Metadata-Version: 2.1
Name: bourbaki.regex
Version: 0.1.0
Summary: UNKNOWN
Home-page: https://github.com/bourbaki-py/regex
Author: Matthew Hawthorn
Author-email: hawthorn.matthew@gmail.com
License: Apache License 2.0
Platform: UNKNOWN
Classifier: Programming Language :: Python :: 3
Classifier: Programming Language :: Python :: 3.6
Classifier: Programming Language :: Python :: 3.7
Classifier: License :: OSI Approved :: Apache Software License
Classifier: Operating System :: POSIX :: Linux
Classifier: Operating System :: MacOS :: MacOS X
Classifier: Topic :: Software Development :: Libraries :: Python Modules
Classifier: Topic :: Software Development :: Code Generators
Classifier: Topic :: Text Processing
Classifier: Topic :: Utilities
Classifier: Typing :: Typed

# Regular expressions made readable

## Introduction

`bourbaki.regex` provides an interface for constructing arbitrarily complex 
regular expressions using standard Python syntax.

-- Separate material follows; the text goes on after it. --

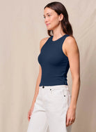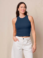 Fine 2x1 Rib Cropped High Neck Tank in Navy

The goals of the package are the following:

  - allow the user to be as terse as possible while not sacrificing readability
  - support the full range of constructs available in the standard library regex engine (`re` module)
  - be extensible and modular to support more advanced constructs in the future, 
    as for instance provided by the `regex` module
  - handle minutiae such as handling backreferences (inferring the correct group index)
  - raise meaningful errors at compile time, such as named group collisions, nonexistent
    backreferences, and lookbehind assertions that are not fixed-length.

## Usage

There are a few base constructors from which all expression patterns can be built:

  - `bourbaki.regex.C`: Character class constructor.
    `C['a':'z', 'A-Z', '0':'9']` for instance is equivalent to the raw regular expression `r'[a-zA-Z0-9]`
  - `bourbaki.regex.L/Literal`: Literal string match.  This handles escaping special characters that are reserved for 
    regular expression syntax.
    For example `L('*foo[bar]*')` is equivalent to the raw regular expression `r'\*foo\[bar\]\*'`
    (note the '\' escapes)